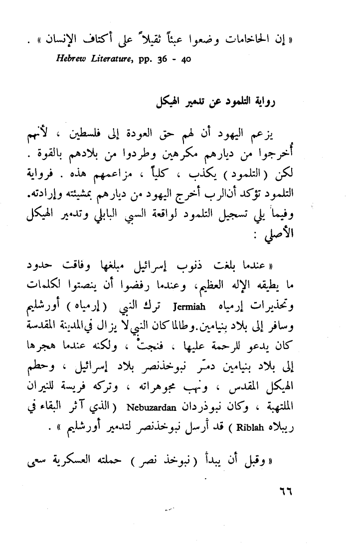 "عندما بلغت ذنوب إسرائيل مبلغها، وفاقت حدود ما يطيقه الإله العظيم، وعندما رفضوا أن ينصتوا لكلمات وتحذيرات إرمياه Jermiah ترك النبي "إرمياه" أورشليم، وسافر إلى بلاد بنيامين. وطالما كان النبي لا يزال في المدينة المقدسة كان يدعو للرحمة عليها فنجت، ولكنه عندما هجرها إلى بلاد بنيامين دمر نبوخذ نصر بلاد إسرائيل، وحطم الهيكل المقدس، ونهب مجوهراته، وتركه فريسة للنيران الملتهبة، وكان نبوذر دان Nabuzardan "الذي آثر البقاء في ريبلاه Riblah" قد أرسل نبوخذ نصر لتدمير أورشليم".
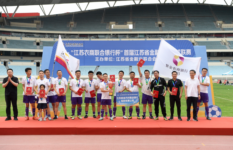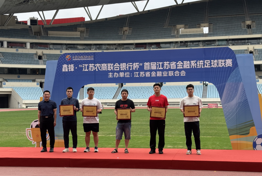 2025年6月8日下午,由江苏省金融业联合会主办、江苏农商联合银行冠名赞助的鑫锋"江苏农商联合银行杯"首届江苏省金融系统足球联赛在南京奥体中心圆满落幕。
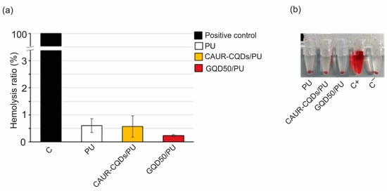 Apart from cytotoxicity, as a part of a biocompatibility’s studies, we investigated the hemolytic properties of the neat PU, CAUR-CQDs/PU, and GQD50/PU composite films. The hemolysis test is used to determine the capacity of the material to induce the destruction of red blood cells and hemoglobin release. As presented in Figure 9, panel a, all tested samples exhibited good blood compatibility, with hemolysis ratios between 0.23% for GQD50/PU and 0.61% for PU (Figure 9, panel a). A visual inspection of the tested composite films samples (Figure 9, panel b) showed that hemoglobin was observed only in the positive control sample, while the color of the other samples varied from clear to pale yellow, without any signs of hemoglobin outflow. The hemolysis ratio for all tested composite films samples did not exceed 1%, which classified them as safe materials, with no hemolytic activity (values < 5% are considered to show a low hemolysis ratio and indicate good blood biocompatibility).

————————

### Problem requirements
When repeating the listing, keep each line exact and exclude the pictures.

### Answer for the task
 "عندما بلغت ذنوب إسرائيل مبلغها، وفاقت حدود ما يطيقه الإله العظيم، وعندما رفضوا أن ينصتوا لكلمات وتحذيرات إرمياه Jermiah ترك النبي "إرمياه" أورشليم، وسافر إلى بلاد بنيامين. وطالما كان النبي لا يزال في المدينة المقدسة كان يدعو للرحمة عليها فنجت، ولكنه عندما هجرها إلى بلاد بنيامين دمر نبوخذ نصر بلاد إسرائيل، وحطم الهيكل المقدس، ونهب مجوهراته، وتركه فريسة للنيران الملتهبة، وكان نبوذر دان Nabuzardan "الذي آثر البقاء في ريبلاه Riblah" قد أرسل نبوخذ نصر لتدمير أورشليم".
 2025年6月8日下午,由江苏省金融业联合会主办、江苏农商联合银行冠名赞助的鑫锋"江苏农商联合银行杯"首届江苏省金融系统足球联赛在南京奥体中心圆满落幕。
 Apart from cytotoxicity, as a part of a biocompatibility’s studies, we investigated the hemolytic properties of the neat PU, CAUR-CQDs/PU, and GQD50/PU composite films. The hemolysis test is used to determine the capacity of the material to induce the destruction of red blood cells and hemoglobin release. As presented in Figure 9, panel a, all tested samples exhibited good blood compatibility, with hemolysis ratios between 0.23% for GQD50/PU and 0.61% for PU (Figure 9, panel a). A visual inspection of the tested composite films samples (Figure 9, panel b) showed that hemoglobin was observed only in the positive control sample, while the color of the other samples varied from clear to pale yellow, without any signs of hemoglobin outflow. The hemolysis ratio for all tested composite films samples did not exceed 1%, which classified them as safe materials, with no hemolytic activity (values < 5% are considered to show a low hemolysis ratio and indicate good blood biocompatibility).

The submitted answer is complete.